Jordan admitted, “I’ve broken dozens.”
When projects require fancy tooling or color work, artisans Joy and Price Reynolds jump into the picture. Price can turn a smooth piece of leather into a forest of oak leaves or a meadow of sunflowers. Joy is the color artist. “She does amazing things with paint and shading on leather that’s far beyond anything I’ve ever been able to do,” said Parrish.
Carrying on the Trade
Debbi Yates has her own quiet cubby in the shop, where she builds bridles, gun scabbards, rope boxes and other leather accessories. The resident equestrian expert has snapshots of her horses pinned up at her desk.
“I was a professional horse trainer for 38 years,” she said. “All I’ve ever done is work in the horse industry. I started helping a neighbor break horses when I was a tween… If Kevin has a question about something, he’ll say, ‘Hey, have you ever heard of this?’ And I’m like, ‘Oh yeah, we had two of those back in the ‘80s.’”
When she retired from horse training, she imagined she’d finally get some downtime. But one day, when Parrish was running behind in his shop, he asked if she could come help out for a few hours. She’d never tried her hand at leatherwork before, but she learned by doing. Seven years later, she’s still here.
Her son, Jarrod Stewart, works alongside her. A jack of all trades, he handles saddle repairs, shop management, machine maintenance and the occasional construction project. He lights up when he talks about his work.
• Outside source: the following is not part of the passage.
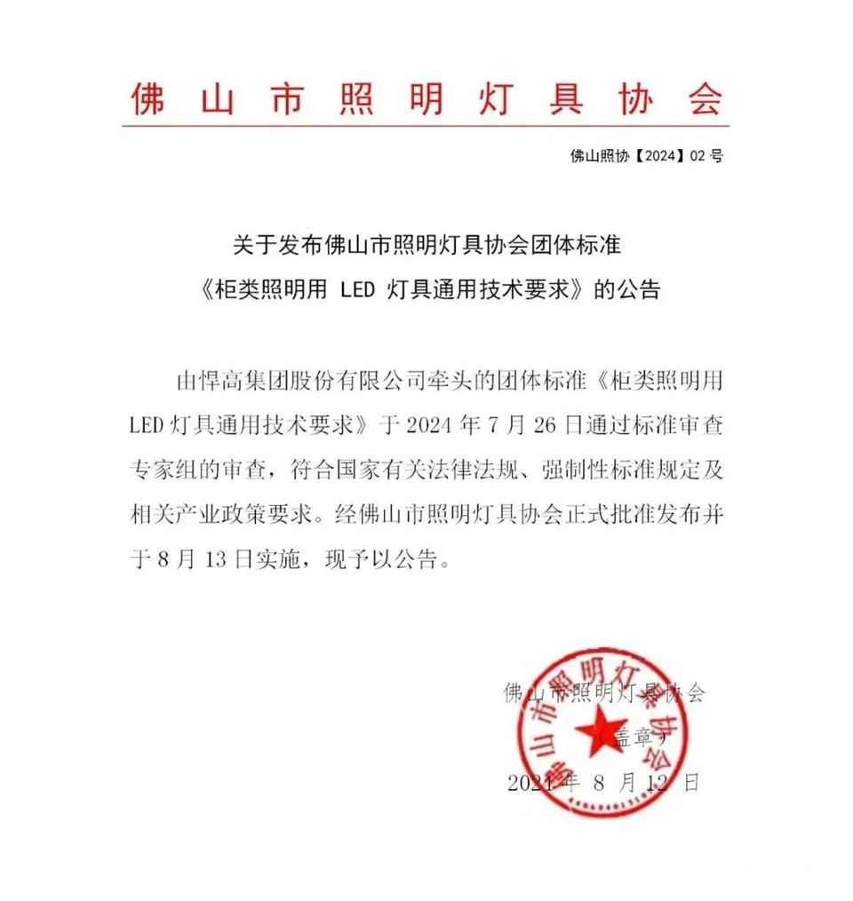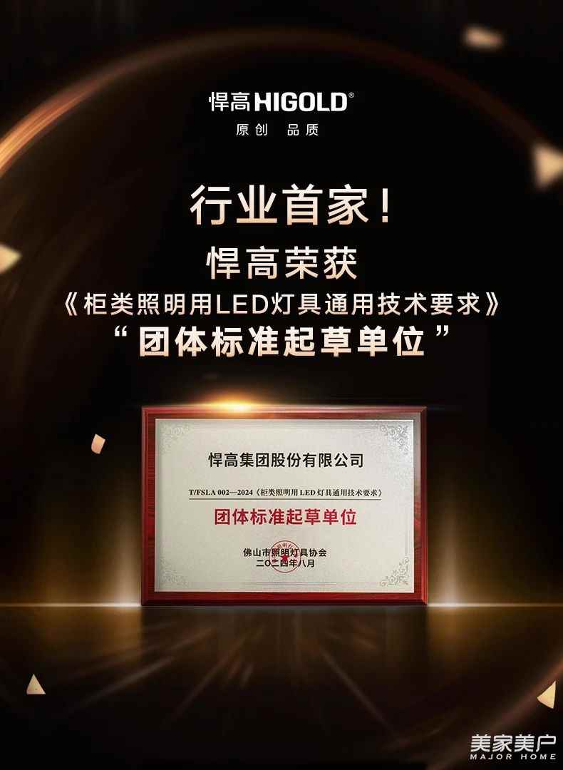 为完善目前柜类照明的国家标准和行业标准,对产品的技术要求进行统一和规范。2024年7月26日,由悍高集团股份有限公司主起草的《柜类照明用LED灯具通用技术要求》团体标准经佛山市照明灯具协会正式批准,已于8月13日全面实施,悍高集团股份有限公司首创行业标准,被评为“《柜类照明用LED灯具通用技术》团体标准主起草单位”。

“I’ve had Western saddles that were half burned in a house fire. We get saddles from Australia, Mexico — all kinds of different designs and styles. I really enjoy it, because one, it tests your abilities. You’re not working on the same thing every day. And then it gives you a good basis for design when you’re building a new saddle,” he said.


Occasionally a project comes his way that’s so far gone, he just has to stare at it for a little while to figure out where to start. But he compares it to eating an elephant: Take small bites.
Before he came to work for The Saddle Guy, he cut his teeth under local bootmaker Bill Nordan. “I always wanted to be an artist, and he needed someone to draw patterns,” he said. “And he said, I need to pay you, or I can teach you how to do this. And I said OK, feel free to teach me. Because at the time, I was working full-time at a bank as a loan officer, and I hated it.”
When Stewart heard that Parrish might be hiring, he came in and pestered him for a job. “I was kind of smart about it. I wore the boots that I made,” he said. When Parrish asked if he’d done much leatherwork, he set his foot up on the table. That clinched the deal.
Despite his experience, when he started with The Saddle Guy, Stewart was assigned to the same simple tasks that Parrish had done in his father’s shop all those years ago. Slowly he took on more responsibility, with Parrish teaching him bits and pieces here and there. After a time, he started building saddles. Eventually, even that became too repetitive. Now, repair work lets him flex his abilities in new ways. “This has been the best outlet that I could have ever found,” he said. “As long as I can make a living doing it, I’m going to keep doing it.
“I don’t want to see this trade go. I don’t meet a lot of young saddlers. I think I’m probably the youngest one that I’ve met. They’re usually in their 60s, if not more, with the exception of Kevin. So if I can keep doing this and have other people that want to do it, then I’ll stick with it.”